Его примеру следует Добрянский. Русин подносит рюмку к губам и спрашивает:
— А вы, Петр Ильич, на чьей же стороне?
— Какая же тут может быть сторона? — пожимает плечами Добрянский. — Тут не может быть двух сторон.
Повернувшись к Омегину, он продолжает:
— Я не думаю, Сидор Андреевич, чтобы и вы были за фантастику без берегов, так сказать. Наша фантастика научная все-таки. Мы ведь не только за оригинальность, но и за…
— И за многое другое, конечно, — иронически заключает за него незаметно подошедший к ним Фрегатов. — Я бы только добавил к этому, что мы еще и за широту позиций научной фантастики. Спор же шел у нас сегодня лишь в одном направлении — в направлении научного предвидения. А ведь мы решаем еще и социально-психологические, этические и философские проблемы…
— Но позвольте, — удивленно разводит руками Русин, — а как же вы представляете себе научное предвидение без всех этих проблем?
Чувствуя, что фантасты снова могут схватиться, Добрянский смотрит на часы и с деланным беспокойством восклицает:
— Ого, как поздно уже! Ну, давайте допьем, и мне пора. Вы холостяки, а у меня семья. Да и вы, Алексей Васильевич, тоже, кажется, спешите…
4
Русин живет в тихом узком переулке. В эту пору тут всегда безлюдно, но сегодня почему-то необычно много народу на противоположной стороне улицы и как раз перед окнами Алексея. А может быть, это под окнами Вари? Ну да, конечно, под ее окнами!
— Видно, опять учинил дебош этот Ковбой? — спрашивает Алексея какой-то пожилой мужчина.
— Не знаю, — отвечает Алексей, не очень интересующийся уличными происшествиями.
— А я не сомневаюсь, что это именно он.
— Господи, да кому же больше! — вступает в разговор старушка лифтерша, вышедшая на улицу. — Ну просто житья нет от этого хулигана!
— И вовсе это не хулиганство, — раздается тоненький голосок какой-то школьницы. — Это, тетенька, любовь.

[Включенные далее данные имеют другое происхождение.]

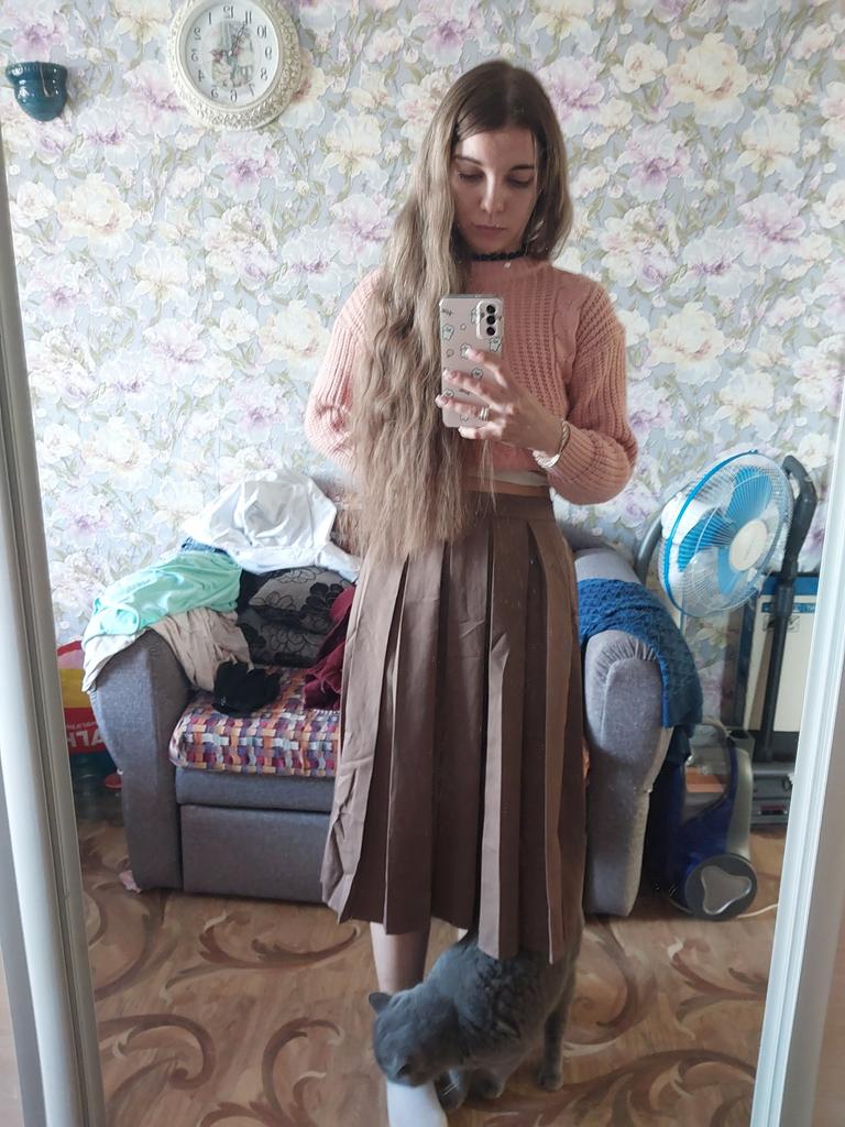 The skirt pleasantly surprised me with its good quality, namely, the fabric is quite thick, quite heavy - therefore, autumn! The tailoring is impeccable. The only thing I would like is for the pleats to be in the back - my skirt doesn't have them (on the model, some skirts have pleats at the back, others without pleats - I was unlucky🥴). Size L fit. My parameters: waist 74 cm, hips 96 cm, height 159 cm. I tried on the skirt as soon as I unpacked it, that is, it is not ironed in the photo - I apologize. The skirt came with a gift from the seller - a cool hair clip ❤️. Thanks to the seller ❤️ and thanks to Joom ❤️

— Э, какая там, к лешему, любовь! — пренебрежительно машет рукой пожилой мужчина. — Просто силушку некуда девать этакому верзиле.
— Вообще-то он и вправду перед нею выкобеливается…
— Ну что вы такое говорите, тетя Даша! — конфузится школьница. — Любит он ее — эго же всем известно.
— А мне, видишь ли, неизвестно, — хмурится лифтерша. — А что он под ее окнами представления разные устраивает, это я действительно почти каждый день наблюдаю.
Алексей уже не слушает их болтовню, и не только потому, что она ему неинтересна, — она ему неприятна. А неприятна потому, что ему жалко эту милую девушку, о которой он знает только то, что зовут ее Варя и что отец ее, подполковник в отставке, горький пьяница. Не верится ему, однако, что Вадим Маврин, известный чуть ли не всему району под кличкой «Ковбой», действительно влюблен в Варю. Сомневается он, что такой тип вообще в состоянии влюбиться.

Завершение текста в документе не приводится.